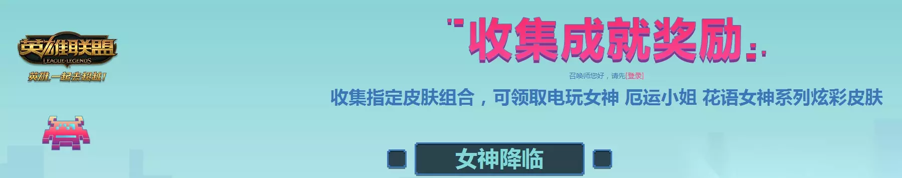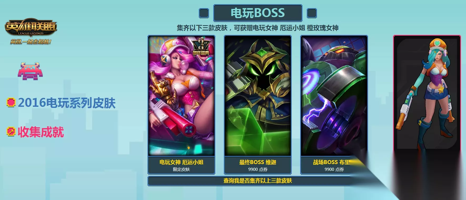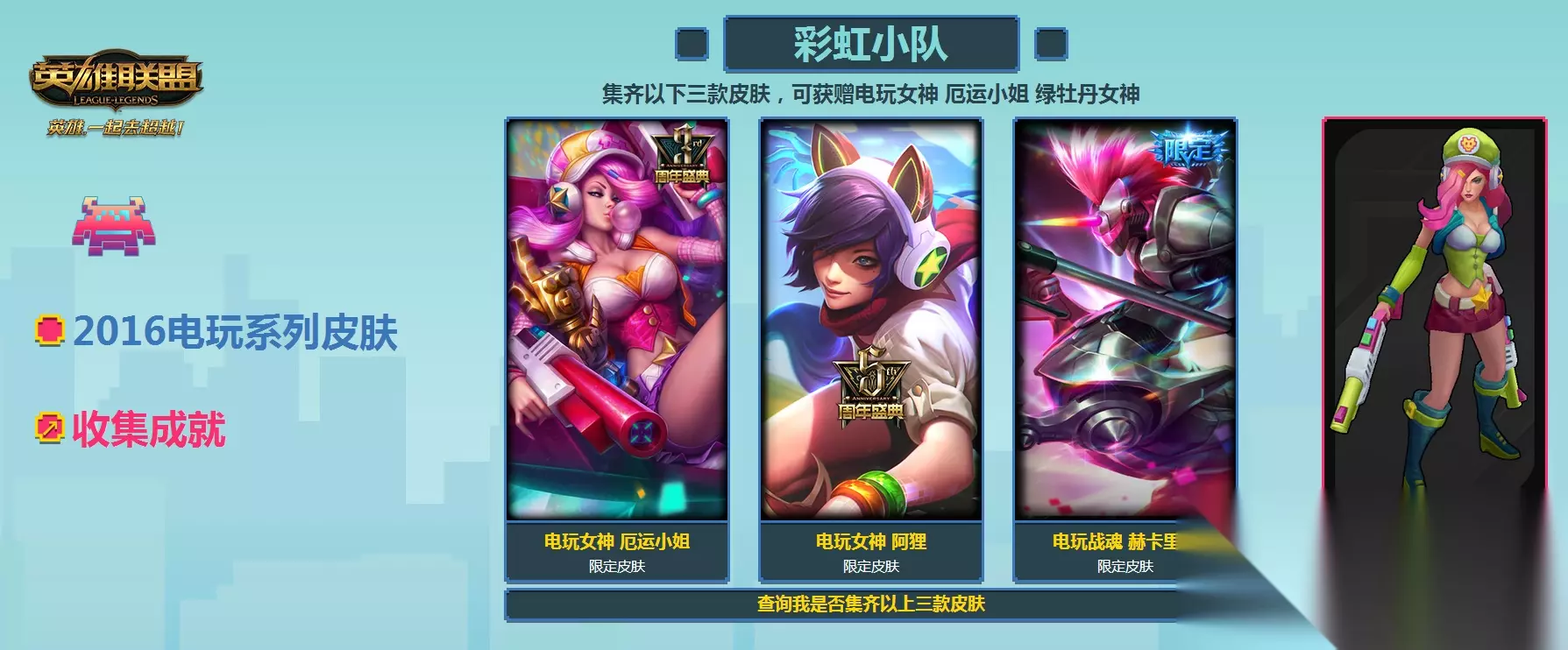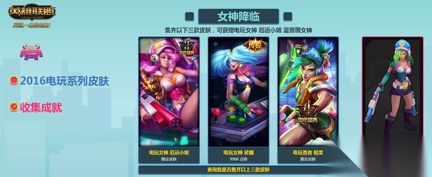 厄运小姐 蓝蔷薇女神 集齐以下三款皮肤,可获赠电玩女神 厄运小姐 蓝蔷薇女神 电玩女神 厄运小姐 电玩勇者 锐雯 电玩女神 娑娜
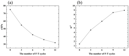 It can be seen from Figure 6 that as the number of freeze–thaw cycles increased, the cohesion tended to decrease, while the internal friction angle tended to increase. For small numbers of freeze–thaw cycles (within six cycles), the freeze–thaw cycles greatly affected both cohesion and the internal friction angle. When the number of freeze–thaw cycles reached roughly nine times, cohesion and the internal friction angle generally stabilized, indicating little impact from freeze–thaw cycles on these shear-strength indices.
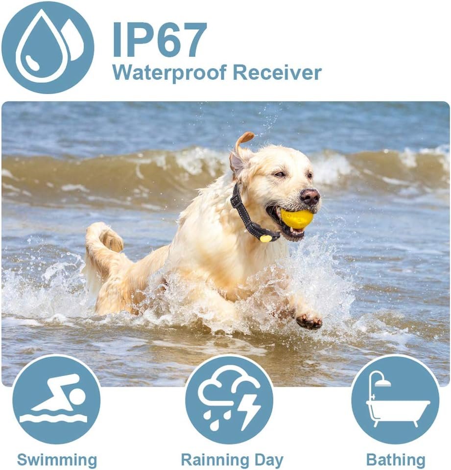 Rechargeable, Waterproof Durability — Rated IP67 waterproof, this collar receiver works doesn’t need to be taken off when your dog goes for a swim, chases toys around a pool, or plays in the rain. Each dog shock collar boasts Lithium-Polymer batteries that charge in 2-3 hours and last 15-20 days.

• **How to complete this task**
Your answer should reproduce every line of the data verbatim and include no images.

• **Task answer**
 厄运小姐 蓝蔷薇女神 集齐以下三款皮肤,可获赠电玩女神 厄运小姐 蓝蔷薇女神 电玩女神 厄运小姐 电玩勇者 锐雯 电玩女神 娑娜
 It can be seen from Figure 6 that as the number of freeze–thaw cycles increased, the cohesion tended to decrease, while the internal friction angle tended to increase. For small numbers of freeze–thaw cycles (within six cycles), the freeze–thaw cycles greatly affected both cohesion and the internal friction angle. When the number of freeze–thaw cycles reached roughly nine times, cohesion and the internal friction angle generally stabilized, indicating little impact from freeze–thaw cycles on these shear-strength indices.
 Rechargeable, Waterproof Durability — Rated IP67 waterproof, this collar receiver works doesn’t need to be taken off when your dog goes for a swim, chases toys around a pool, or plays in the rain. Each dog shock collar boasts Lithium-Polymer batteries that charge in 2-3 hours and last 15-20 days.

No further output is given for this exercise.